Analyze correlations between movie features and ratings.

In [None]:
if ratings_df is not None and movies_df is not None:
    # Merge ratings with movies
    merged_df = pd.merge(ratings_df, movies_df, on='movieId')
    
    # Calculate correlation between movie year and rating
    if 'year' in merged_df.columns:
        year_rating_corr = merged_df['year'].corr(merged_df['rating'])
        print(f"Correlation between movie year and rating: {year_rating_corr:.4f}")
        
        # Plot year vs. rating
        plt.figure(figsize=(12, 6))
        sns.boxplot(x='year', y='rating', data=merged_df.sample(10000))
        plt.title('Rating Distribution by Movie Year')
        plt.xlabel('Year')
        plt.ylabel('Rating')
        plt.xticks(rotation=90)
        plt.tight_layout()
        plt.show()
    
    # Calculate correlation between number of ratings and average rating
    movie_stats = merged_df.groupby('movieId').agg({
        'rating': ['count', 'mean']
    })
    movie_stats.columns = ['rating_count', 'rating_mean']
    
    count_rating_corr = movie_stats['rating_count'].corr(movie_stats['rating_mean'])
    print(f"Correlation between number of ratings and average rating: {count_rating_corr:.4f}")
    
    # Plot number of ratings vs. average rating
    plt.figure(figsize=(10, 6))
    plt.scatter(movie_stats['rating_count'], movie_stats['rating_mean'], alpha=0.5)
    plt.title('Average Rating vs.
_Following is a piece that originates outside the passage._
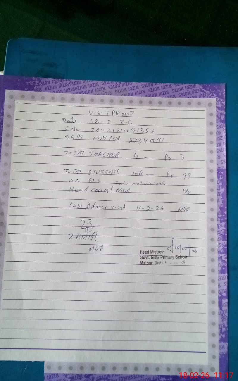 | EMIS Code: 37340091 | Name of School: GGPS MALPUR | |||

Number of Ratings')
    plt.xlabel('Number of Ratings')
    plt.ylabel('Average Rating')
    plt.xscale('log')
    plt.grid(True)
    plt.tight_layout()
    plt.show()

## Conclusion

Summarize the key findings from the data exploration and discuss implications for the recommendation model.

Based on the exploratory data analysis, we can draw the following conclusions:

1. **Data Characteristics**:
   - The dataset contains a large number of movies and ratings
   - The user-item matrix is highly sparse, which is typical for recommendation systems
   - There is a wide range of movie release years and genres

2. **Rating Patterns**:
   - Ratings are not uniformly distributed; some ratings are more common than others
   - Users have varying levels of activity, with some users rating many movies and others rating only a few
   - Movies also have varying levels of popularity, with some movies receiving many ratings and others receiving few

3. **Temporal Patterns**:
   - Rating activity varies over time, with certain years showing more activity than others
   - There may be hourly patterns in rating behavior

4. **Genre Preferences**:
   - Different genres have different average ratings
   - Some genres are more popular (receive more ratings) than others

5. **Correlations**:
   - There may be correlations between movie features (e.g., year, genre) and ratings
   - There may be correlations between popularity (number of ratings) and average rating

**Implications for the Neuro-Fuzzy Recommendation Model**:

1. **Feature Engineering**:
   - We should include movie features such as genre and release year
   - We may want to include user features such as activity level and rating patterns
   - Temporal features may also be useful

2. **Model Design**:
   - The model should handle the high sparsity of the user-item matrix
   - We may want to use a hybrid approach that combines collaborative filtering with content-based filtering
   - The fuzzy component can help capture the uncertainty in user preferences

3. **Evaluation**:
   - We should evaluate the model on different user segments (e.g., active vs. inactive users)
   - We should evaluate the model on different movie segments (e.g., popular vs. unpopular movies)
   - We should consider both accuracy metrics (e.g., RMSE) and ranking metrics (e.g., precision, recall)

Next steps include preprocessing the data, engineering features, and building the neuro-fuzzy recommendation model.